(foto Ap)

Afghanistan, l'ora della vergogna

Adriano Sofri

La disfatta afghana è il colpo più grave al prestigio e all'immagine della democrazia nel mondo

All’inizio ci sono gli aerei che penetrano e infrangono le Torri gemelle, e le persone che precipitano o si gettano giù, schiantandosi. Alla fine c’è l’aereo militare che decolla da Kabul con le persone che si aggrappano al carrello, e poi precipitano schiantandosi. This is the end.

La rotta afghana non riguarda l’esercito e le altre forze armate che si sono arrese senza resistere, e solo in parte i loro capi, un regime spaventosamente unito dalla corruzione e diviso da odii e ambizioni spudorate. La disfatta afghana è il colpo più grave e forse irreparabile al credito, al prestigio e all’immagine della democrazia nel mondo. Si può perdere e fallire dignitosamente: questa è una bancarotta fraudolenta. Un ritiro annunciato da anni si compie nel caos e nella viltà. Le promesse solenni alle persone afghane che hanno operato per gli eserciti e le diplomazie occidentali sono ridicolmente travolte.

Venti anni e miliardi innumerevoli di dollari ed euro tirano le somme nella calca dei fuggiaschi e nell’ingorgo degli elicotteri e degli aerei. I talebani sostituiscono le motorette coi veicoli militari più sofisticati dell’alleanza occidentale, come era successo agli armamenti americani appena forniti all’Iraq, e sequestrati senza colpo ferire dallo Stato islamico a Mosul nel 2014. La shariah torna, e con lei il cuore della vera fede: cancellare dalla terra le due cose più preziose, la musica e la faccia delle donne. 

La democrazia, agli occhi del mondo intero, è ora un modo di essere di soverchiante potenza materiale, tecnica e militare, condannato a risultare ridicolmente imbelle. Di fronte a minacce globali ed epocali, il clima, la pandemia, il mondo si chiede da tempo se la democrazia sappia essere migliore, più degna e più efficace, delle autocrazie, dei dispotismi, delle dittature. Oggi, in Afghanistan, la risposta traballa mortalmente. È l’ora della vergogna per noi, della esaltata derisione da parte dei nemici della democrazia.

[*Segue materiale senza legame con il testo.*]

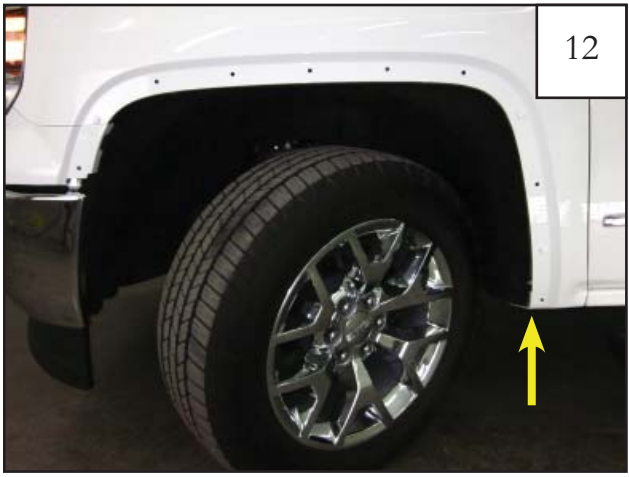
Reinstall factory fastener removed in step 9 using a 1/2" socket and wrench.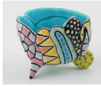
2. SHIBATA Masamitsu 柴田雅光(1961- ) Sky Blue pop bowl H2.3" x D 3.2" H 6 x Dia 8.2 cm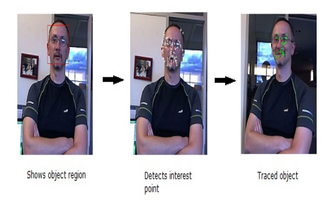
Figure 2: Point Based Tracking

The relationship of the points is based on the preceding object region which contains object position and motion. This approach involves an exterior mechanism to detect the objects in every frame.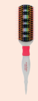
Max Volume White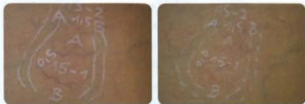
Leg veins - Before and after 2 treatments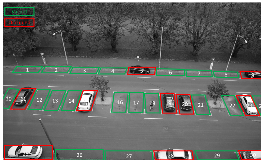
Figure 10.2: Image-based parking occupancy detection.

Imagery captured by cameras overlooking parking spaces can also be used to detect vehicles and determine the occupancy of parking spaces. This is commonly done by training a machine learning model using a set of training images and applying the trained model to the captured imagery to detect vehicles and parking spaces in real time. Determining the occupancy of parking spaces is significantly simplified if the field of view of the camera is fixed. With a fixed camera, an image can be manually segmented to delineate the parking spaces in a pre-processing step and the segmentation will remain valid for all the images as long as the field of view of the camera remains unchanged. In effect, this will reduce the vehicle detection task to a simpler image classification task. The trained model is applied to each sub-image corresponding to a parking segment and classifies it into one of two categories: vehicle or vacant. Using state of the art deep learning methods and convolutional neural networks the classification of sub-images can achieve accuracies as high as 99 % (Valipour et al., 2016; Acharya et al., 2018). An example of parking occupancy detection by classifying image segments is shown in Figure 10.2.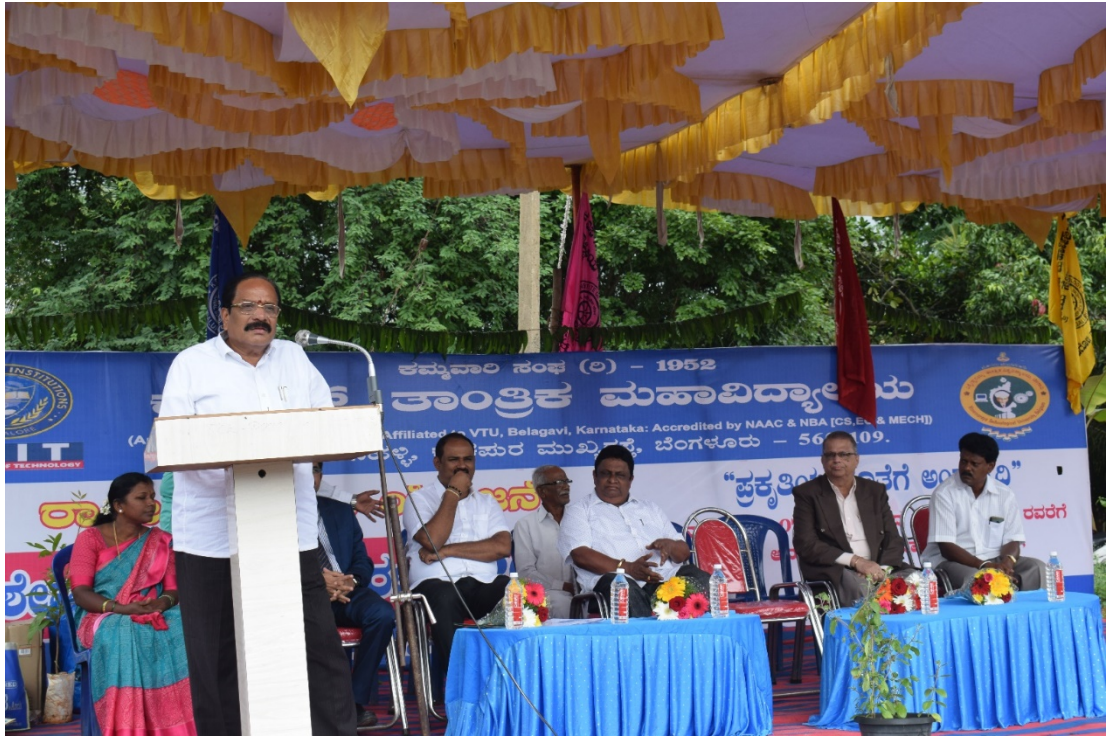
President of KSGI addressing the gathering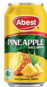
PINEAPPLE JUICE DRINK NET CONTENT 330ML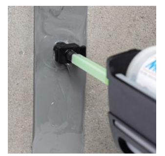
3. Insert mixer nozzle in the packer inlet spigot. Hold firmly in position and press trigger to inject.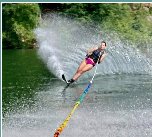
Who says 50 isn't fabulous!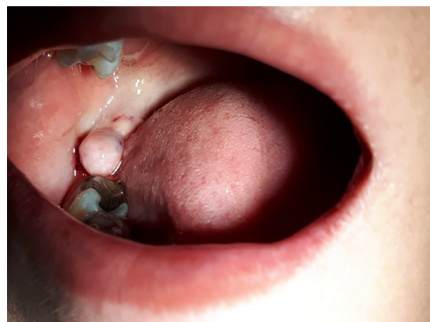
Figure 1. The first case of a 36-year-old woman with fibrolipoma preoperative

intact surface, approximately 1 × 2 cm in dimensions. It was located in the retromolar pad area on the right side of the mandible (Figure 1). Due to the patient being asymptomatic during this period, she had not received treatment. After obtaining consent, the lesion was removed by electrocautery to prevent bleeding and fortunately, significant bleeding did not occur. The sterile compression pack was sufficient and there was no need for suturing.

Per un’epoca intera, le democrazie che abbiamo chiamato occidente hanno vissuto, spesso vivacchiato, sulla rendita della Seconda guerra mondiale. Quell’epoca è finita, di quel patrimonio sono stati dilapidati anche gli spiccioli. Io non credo di indulgere all’antiamericanismo di maniera, ma ieri mi sono ricordato di una gran manifestazione romana per il Vietnam, durante una visita del presidente Johnson. Vidi lì un manifestante avvolto in una grande bandiera americana, che inalberava un cartello scritto a mano, che diceva: “Mi faccio schifo”. Ieri me ne sono ricordato.

Quanto alla parte dell’Europa, dell’Italia, basta accendere la televisione, guardare facce e bocche dei loro notabili togliendo l’audio: è tutto.